Items from a dataset
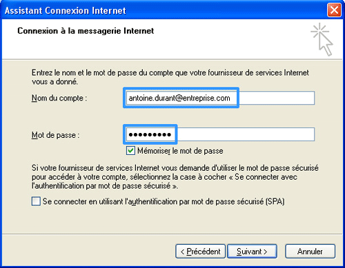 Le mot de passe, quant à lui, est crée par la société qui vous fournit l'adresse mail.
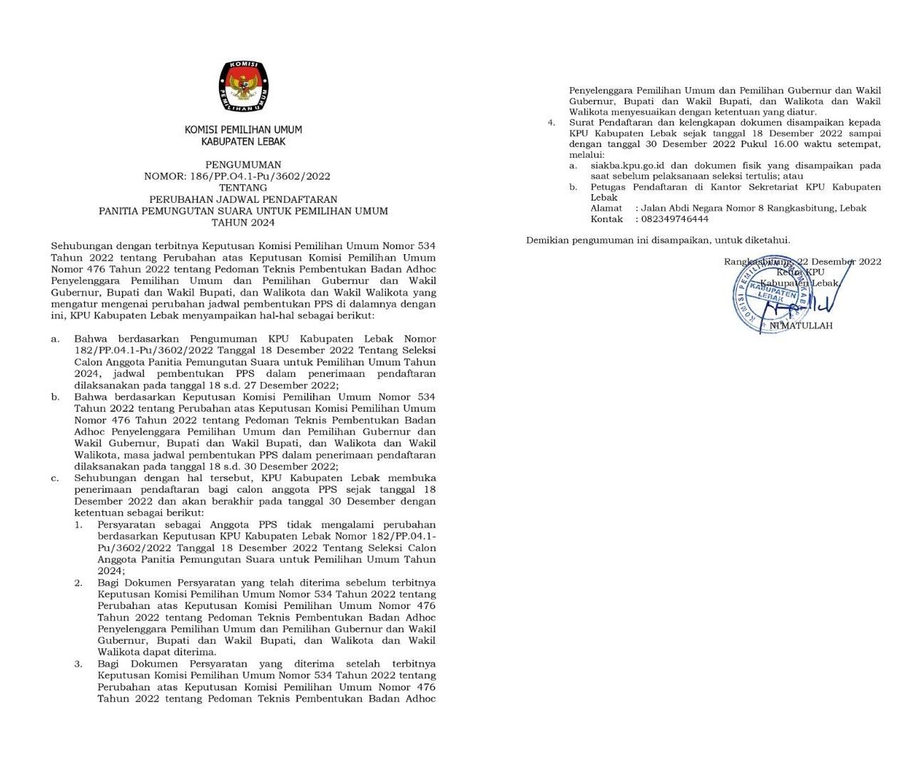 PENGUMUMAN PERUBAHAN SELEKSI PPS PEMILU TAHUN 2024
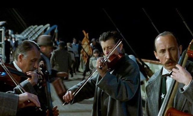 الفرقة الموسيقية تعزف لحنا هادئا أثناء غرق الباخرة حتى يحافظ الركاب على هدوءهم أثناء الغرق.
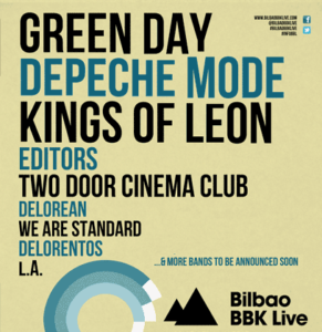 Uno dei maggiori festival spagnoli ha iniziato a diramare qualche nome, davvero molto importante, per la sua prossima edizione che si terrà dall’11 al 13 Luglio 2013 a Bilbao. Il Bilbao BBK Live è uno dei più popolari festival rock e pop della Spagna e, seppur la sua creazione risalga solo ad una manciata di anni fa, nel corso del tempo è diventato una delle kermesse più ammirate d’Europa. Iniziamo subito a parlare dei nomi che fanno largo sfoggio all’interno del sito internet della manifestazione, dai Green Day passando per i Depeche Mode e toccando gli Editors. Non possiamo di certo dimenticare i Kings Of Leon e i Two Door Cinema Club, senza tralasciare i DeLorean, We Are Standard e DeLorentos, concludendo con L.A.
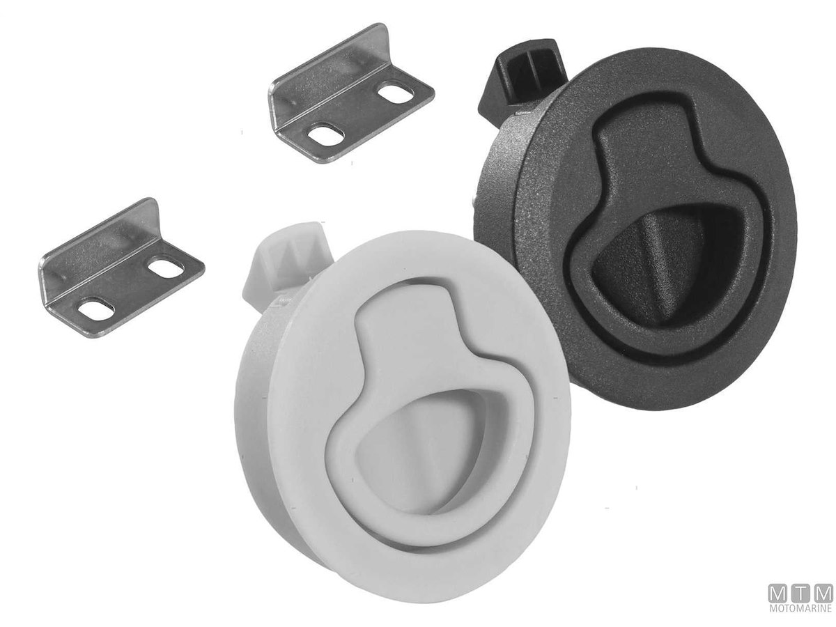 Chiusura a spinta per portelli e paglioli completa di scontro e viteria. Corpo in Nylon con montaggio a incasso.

---

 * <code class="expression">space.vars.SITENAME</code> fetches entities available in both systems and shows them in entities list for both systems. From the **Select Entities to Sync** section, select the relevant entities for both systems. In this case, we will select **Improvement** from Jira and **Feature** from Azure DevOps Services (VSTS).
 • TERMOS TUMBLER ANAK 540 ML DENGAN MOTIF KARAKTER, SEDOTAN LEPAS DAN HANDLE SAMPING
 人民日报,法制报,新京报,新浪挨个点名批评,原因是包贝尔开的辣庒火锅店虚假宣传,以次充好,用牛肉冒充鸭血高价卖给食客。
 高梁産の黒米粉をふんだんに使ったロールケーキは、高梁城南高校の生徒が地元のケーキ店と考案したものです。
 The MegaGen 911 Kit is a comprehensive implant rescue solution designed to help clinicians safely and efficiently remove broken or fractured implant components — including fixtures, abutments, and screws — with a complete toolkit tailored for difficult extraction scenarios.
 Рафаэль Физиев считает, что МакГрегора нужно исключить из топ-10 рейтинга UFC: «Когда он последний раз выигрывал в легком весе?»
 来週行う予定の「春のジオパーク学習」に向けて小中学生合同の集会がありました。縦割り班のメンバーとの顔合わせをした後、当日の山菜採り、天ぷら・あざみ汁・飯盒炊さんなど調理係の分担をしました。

==

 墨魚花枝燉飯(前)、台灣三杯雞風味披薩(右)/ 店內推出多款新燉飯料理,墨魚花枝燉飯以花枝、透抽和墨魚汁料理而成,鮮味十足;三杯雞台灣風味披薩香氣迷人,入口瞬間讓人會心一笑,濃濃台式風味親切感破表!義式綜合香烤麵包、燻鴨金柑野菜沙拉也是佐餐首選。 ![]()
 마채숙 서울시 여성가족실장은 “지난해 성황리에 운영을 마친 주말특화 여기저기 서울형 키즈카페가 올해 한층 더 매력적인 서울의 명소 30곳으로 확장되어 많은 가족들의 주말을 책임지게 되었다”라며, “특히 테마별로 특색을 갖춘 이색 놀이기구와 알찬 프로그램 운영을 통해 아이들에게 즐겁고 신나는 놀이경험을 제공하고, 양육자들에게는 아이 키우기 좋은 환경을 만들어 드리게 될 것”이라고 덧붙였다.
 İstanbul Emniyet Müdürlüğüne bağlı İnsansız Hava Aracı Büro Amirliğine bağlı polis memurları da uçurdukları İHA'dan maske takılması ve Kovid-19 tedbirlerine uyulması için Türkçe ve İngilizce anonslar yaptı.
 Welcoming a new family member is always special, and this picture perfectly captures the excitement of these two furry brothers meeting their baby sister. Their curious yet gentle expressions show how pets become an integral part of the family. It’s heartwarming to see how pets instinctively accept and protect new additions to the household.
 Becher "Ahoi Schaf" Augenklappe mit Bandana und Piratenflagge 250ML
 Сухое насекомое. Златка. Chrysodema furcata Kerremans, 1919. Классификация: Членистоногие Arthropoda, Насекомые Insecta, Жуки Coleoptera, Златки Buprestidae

Brief: Using the data above, reproduce exactly the lines from the line that contains "Рафаэль Физиев считает, что" through the line that contains "来週行う予定の「春のジオパー", including both.

Response box:
 Рафаэль Физиев считает, что МакГрегора нужно исключить из топ-10 рейтинга UFC: «Когда он последний раз выигрывал в легком весе?»
 来週行う予定の「春のジオパーク学習」に向けて小中学生合同の集会がありました。縦割り班のメンバーとの顔合わせをした後、当日の山菜採り、天ぷら・あざみ汁・飯盒炊さんなど調理係の分担をしました。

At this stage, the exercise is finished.